I think this works better using chainlink oracles instead of primary rates. That said, I’m uncertain if it works at all. Gas costs for uniswap are like 3.5x transfer for the swap + 2x transfer for approval. Here we’ll have 2 transfers, so the budget is 3.5x transfers and we have to cover our gas costs to burn/mint + the lost yield while waiting to swap (or the gas to do the per-depositor accounting of yield). I think I’d need to see some pretty realistic estimation to judge if this is a relevant enough win.

valdorff response

So how I’m looking at it: Currently we have arb opportunities, so anyone arbing can already do it, which is why premium/discount is approximately zero. The key points is that this wouldn’t create new premium/arb opportunities, because it’s essentially OTC and won’t change spot price. You could use it to arb with, but it would be very inefficient for an arb bot to go 1 rETH at a time unless the premium rises substantially. But if it rises significantly it still makes more sense to arb 10 or 100 ETH at a time on DEX.

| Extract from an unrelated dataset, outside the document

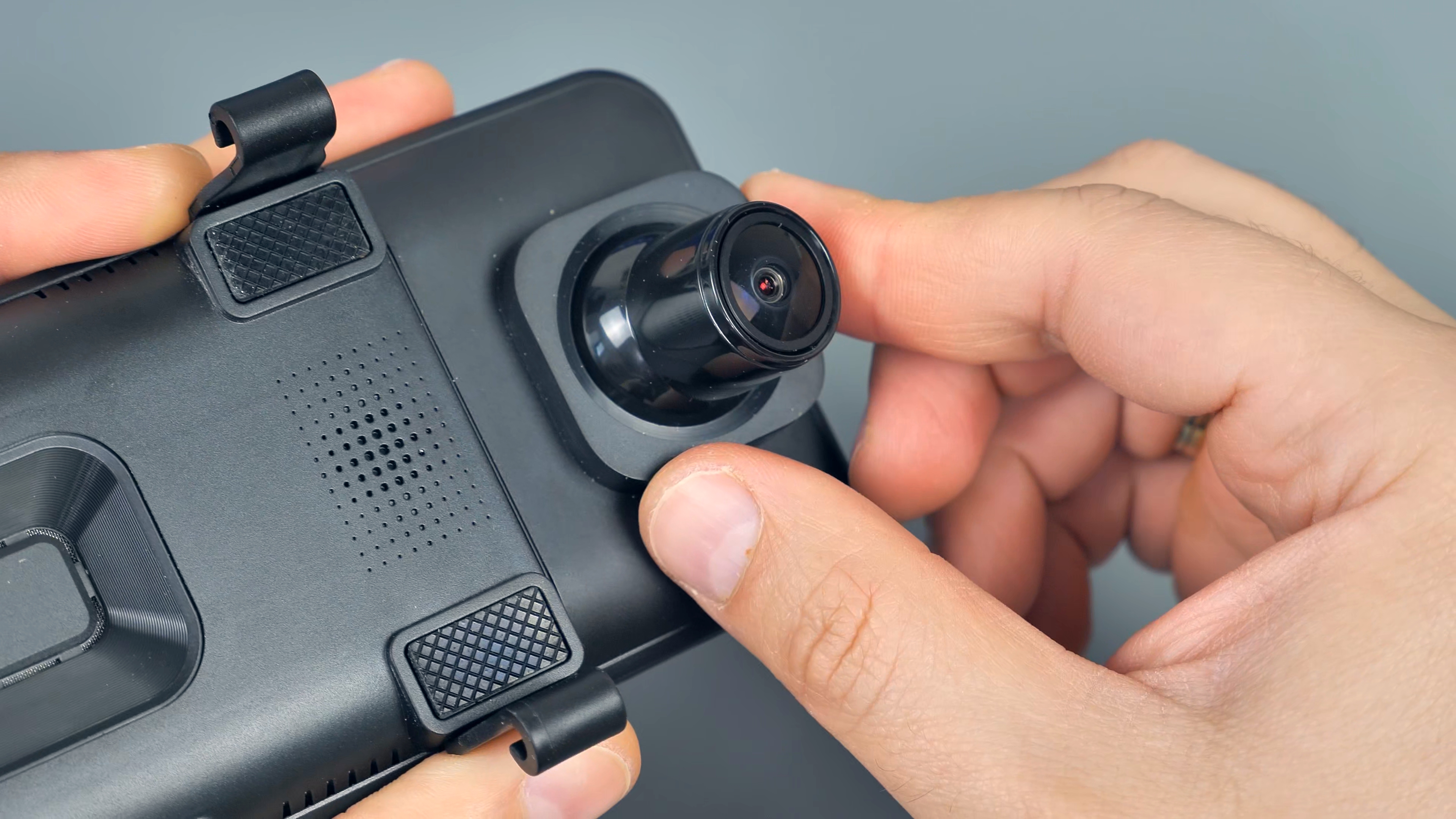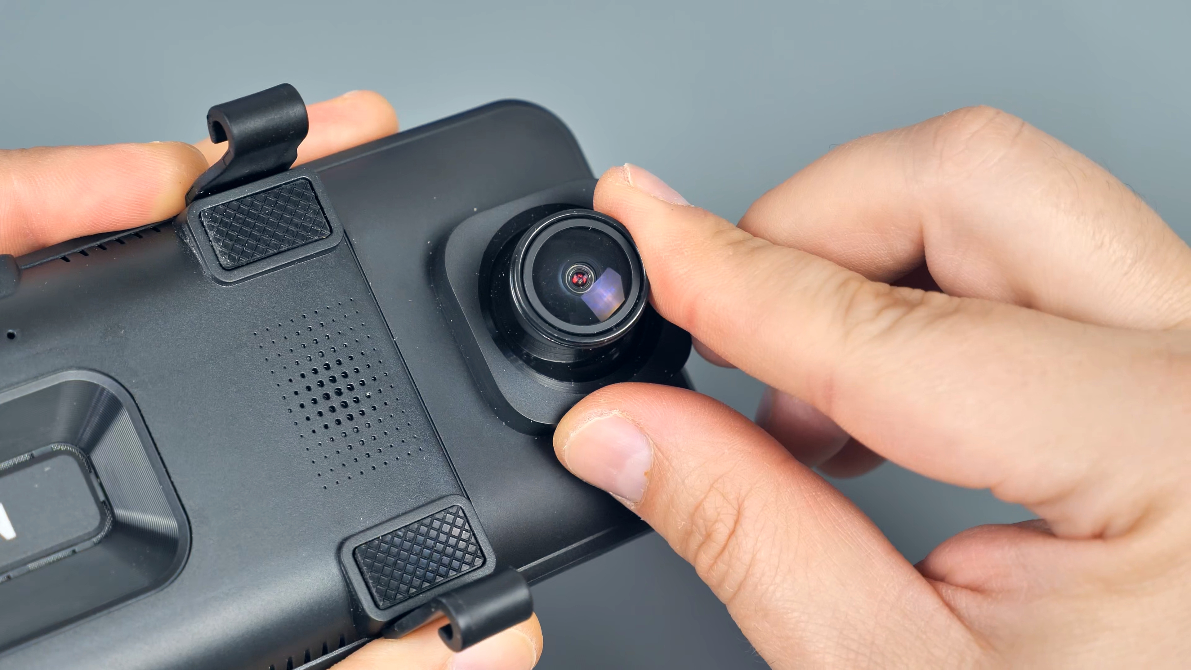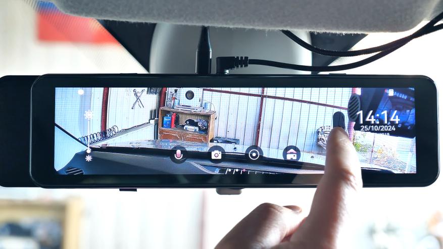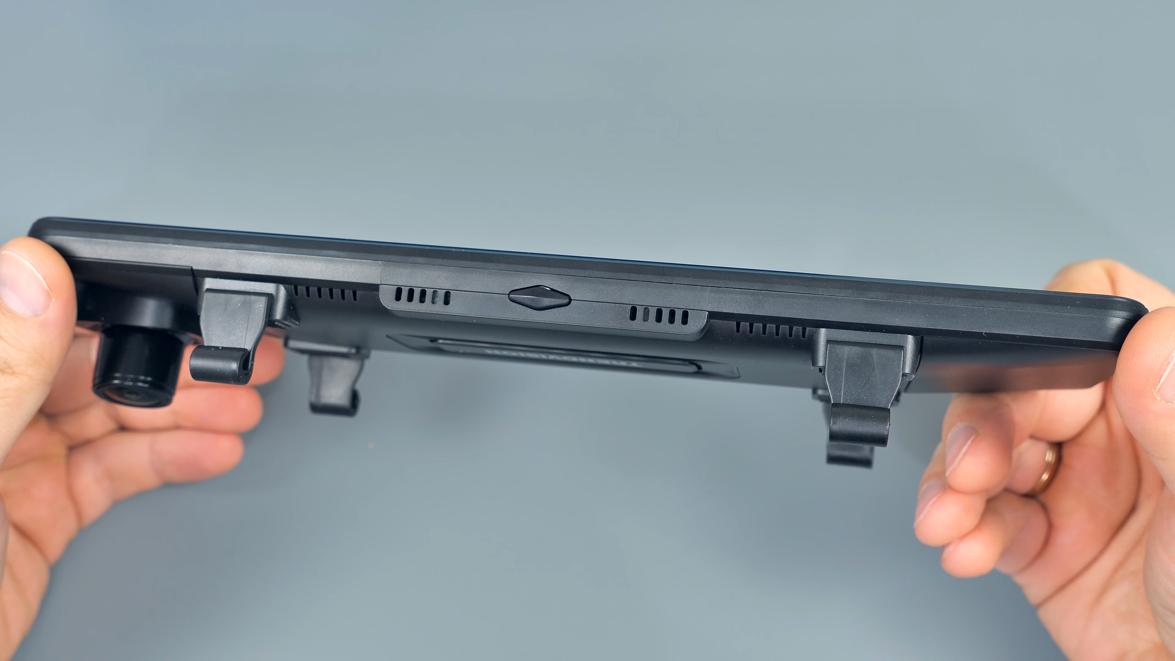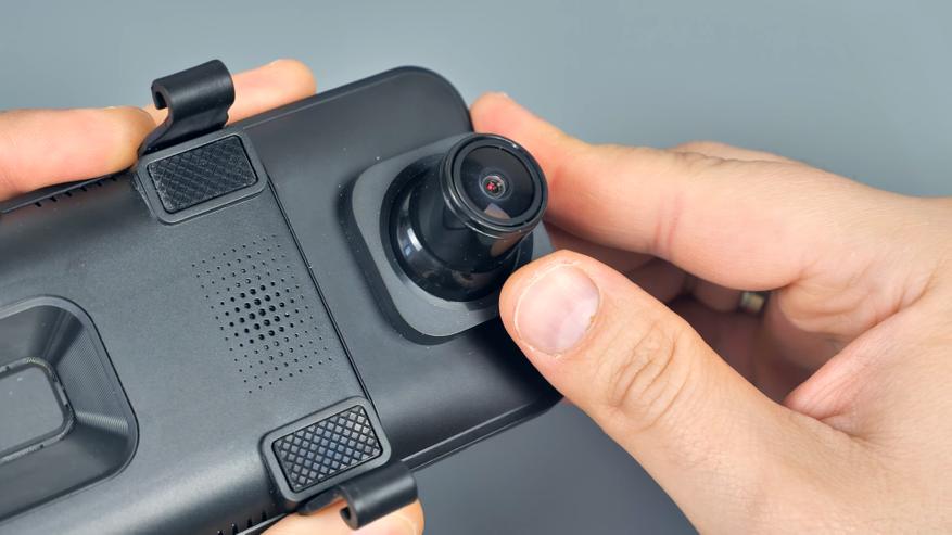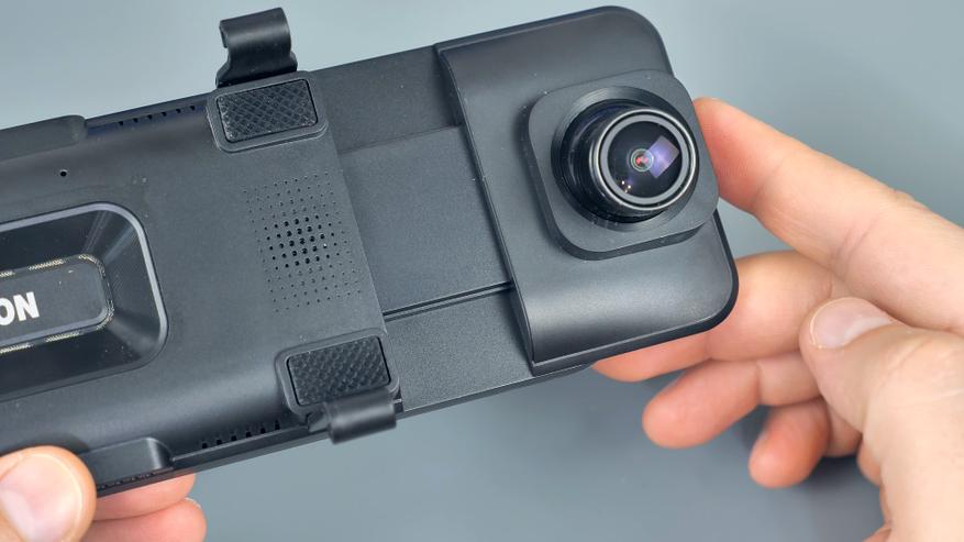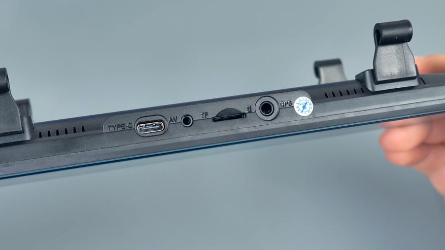 На нижней части корпуса расположились кнопка включения/выключения устройства и микрофон. На верхней части USB Type-C порт питания, разъём для подключения задней камеры, слот для Micro SD карты памяти объёмом до 128Гб и разъём для подключения внешней GPS антенны, которая по умолчанию в комплект не входит. На передней части расположены динамики, кнопка сброса параметров и крепления для фиксации данного зеркала на штатном зеркале автомобиля. Также тут находится блок камеры, который имеет сдвижной механизм.

Lost yield of 5 days is negligible. 0.07% or so. The rest of the time it would be sitting in one LSD or another.
I agree, the cost saving is not magnitudes different (I’m hoping for like 40% or so from DEX). But that means that someone who would now swap with 0.1 stETH would do it at 0.06 stETH instead; or would keep 40% of their gas in the form of rETH.
The gas cost for someone (us) to pay for is something, but not crazy. If we were to burn the entire lido stash and mint rETH, we’d see something like (700,000 [total validators] *32 [eth per validator] *.3 [lido share]/31 [stETH burned per transaction] *0.01 [ETH to mint rETH] * 2 [assuming lido burn gas cost about the same] * 1900 [ETH cost] = about 9 million USD to covert every stETH to rETH.